30 años del Museo Amparo

Lo que hay que ver y lo que hay que hablar

30 años del Museo Amparo

“A mí no me gusta hablar de las piezas imperdibles ni de mis exposiciones favoritas, esa es la maravilla del museo, que te da oportunidad como visitante de ver con qué conectas. Lo que te llame la atención a ti es diferente de lo que me va a llamar la atención a mí o a otra persona […]. Para mí esa idea de recorrer todo, de ver las cédulas media hora…el interés empieza a decaer, hay que entrar con curiosidad, ver qué te gusta, acercarte. Soy más de la idea de vagar. Es como ir a ver sólo la Mona Lisa, cuando hay otras miles de cosas. Perderte en los espacios tiene su encanto y no ver lo que ya vio todo el mundo. Puedes hacer un recorrido diferente al que hacen los guías”.

Puede que cueste creer que esa es la opinión de Ramiro Martínez Estrada, Director Ejecutivo del Museo Amparo, pero si hay algo que él considera, es que no debe de haber un mapa, una misma forma de vivir no sólo el museo que dirige, sino cualquier otro. Y si algo le enseñó y nos enseñó 2020, es que en realidad no existe un mapa para nada.

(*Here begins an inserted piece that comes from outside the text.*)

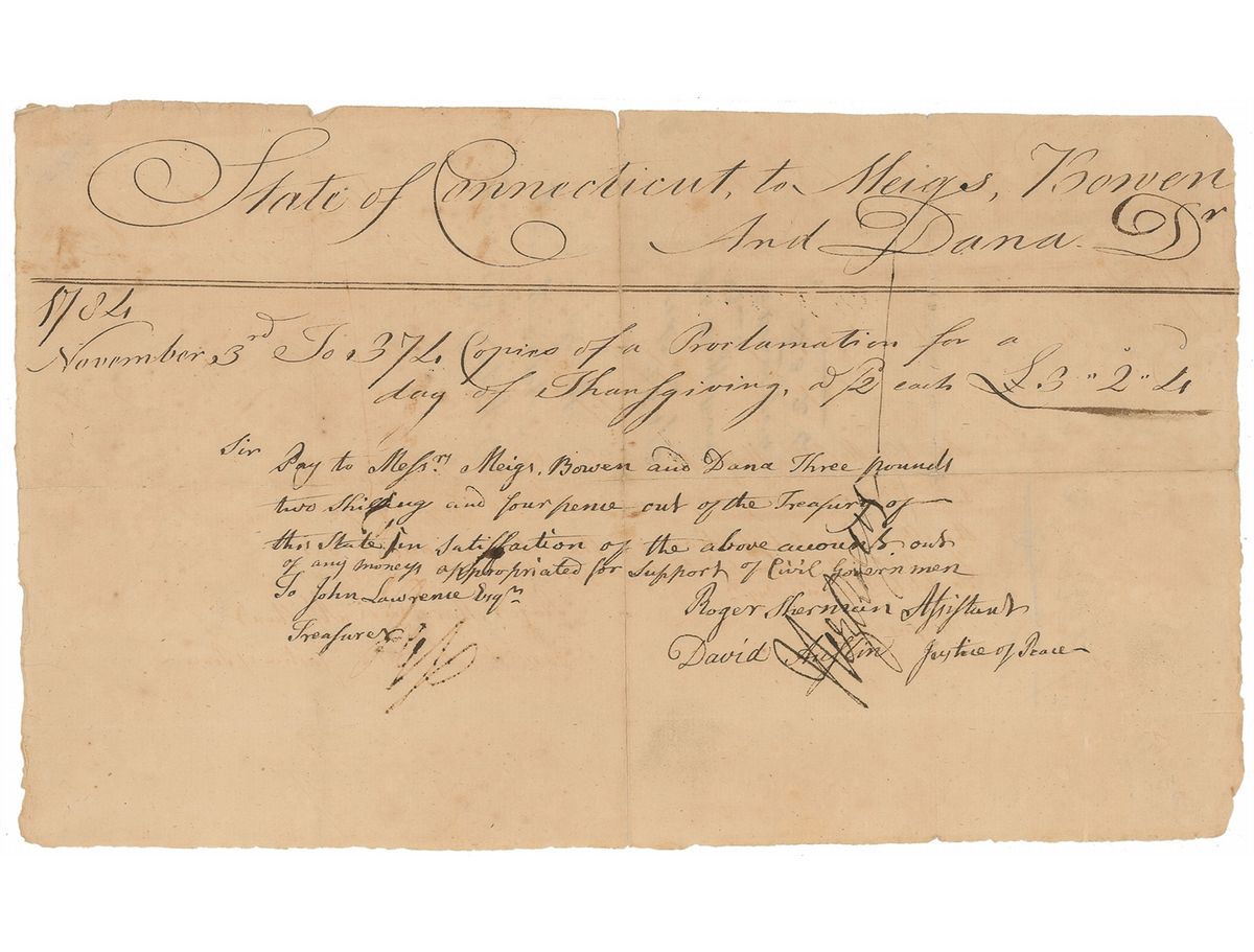 Signer of the Declaration of Independence from Connecticut (1721–1793) who was the only man to also sign the Articles of Association, the Articles of Confederation, and the US Constitution. Manuscript DS, one page, 12.25 x 7.25, November 3, 1784. A pay order for £3.2.4 issued to Messrs. Meigs, Bowen, and Dana for the printing of “374 Copies of a Proclamation for a day of Thanksgiving.” In very good condition, with intersecting folds (partial separations with some archival reinforcements to reverse), mild soiling and staining, and countersignature written across a few letters of Sherman’s last name. A wonderful piece of history related to what is arguably the oldest American tradition—Thanksgiving.

El 29 de marzo de 2020 se inauguraba una exposición en la que el Museo Amparo había trabajado meses. Tenían todo listo para abrir El Círculo que Faltaba, la muestra que repasaba la relación que Latinoamérica y el Caribe tienen con la muerte. Pero entonces, el 17 de marzo de aquel año, al igual que todos los espacios culturales, el Amparo tuvo que cerrar sus puertas de forma indefinida.

Fachada del Museo Amparo

Otra vez es marzo pero el mundo es un lugar completamente distinto. Nosotros tenemos mucho de ese antes y otro tanto de este después. Y el Museo Amparo también.

Muchos de aquellos planes que tuvieron que pausarse se ponen otra vez en marcha. Pero también, el Amparo no será el mismo que conocimos. Y eso está bien. 

“Las prioridades son diferentes: la mía, la que puede tener alguien en la secundaria, en la preparatoria, en la universidad…hay que entender eso, hay que trabajar con eso. Pero también hablar de lo que nosotros consideramos importante de la visita es una discusión que no termina cuando acabe la pandemia, sigue vigente. Hay cosas que hemos aprendido de las posibilidades de la parte virtual”, nos contó Martínez Estrada en entrevista la víspera de los 30 años del museo.

El Amparo en tu Casa es el programa de actividades con el que el Museo logró llevar al plano virtual su experiencia.

Los meses que permanecieron a puertas cerradas le permitieron al Amparo mirar hacia adentro y hacia afuera. Lo primero para reevaluar su papel ¿Qué era un museo sin visitantes? Ahí fue cuando su lema, “Un encuentro con nuestras raíces”, cobró un nuevo significado. “Yo sí creo en él y considero que es lo que guía nuestro trabajo. Lo he dicho antes: las raíces tienen profundidad y hay raíces más viejas, raíces de hace tres días, pero a final de cuentas raíces. Pudimos responder a través de un programa en línea a una semana del cierre […], entonces seguimos trabajando con la colección prehispánica, con la colección colonial del Siglo XIX a través de estudios que se han hecho y siguen, repetimos algunas conferencias, abrimos un par de diplomados que anteriormente fueron por inscripción y ahora se abrieron al público. Y seguimos trabajando obviamente”. Ramírez Estrada habla de El Amparo en Tu Casa, un amplio mapa de actividades virtuales que el Museo Amparo desplegó apenas cerraron sus puertas.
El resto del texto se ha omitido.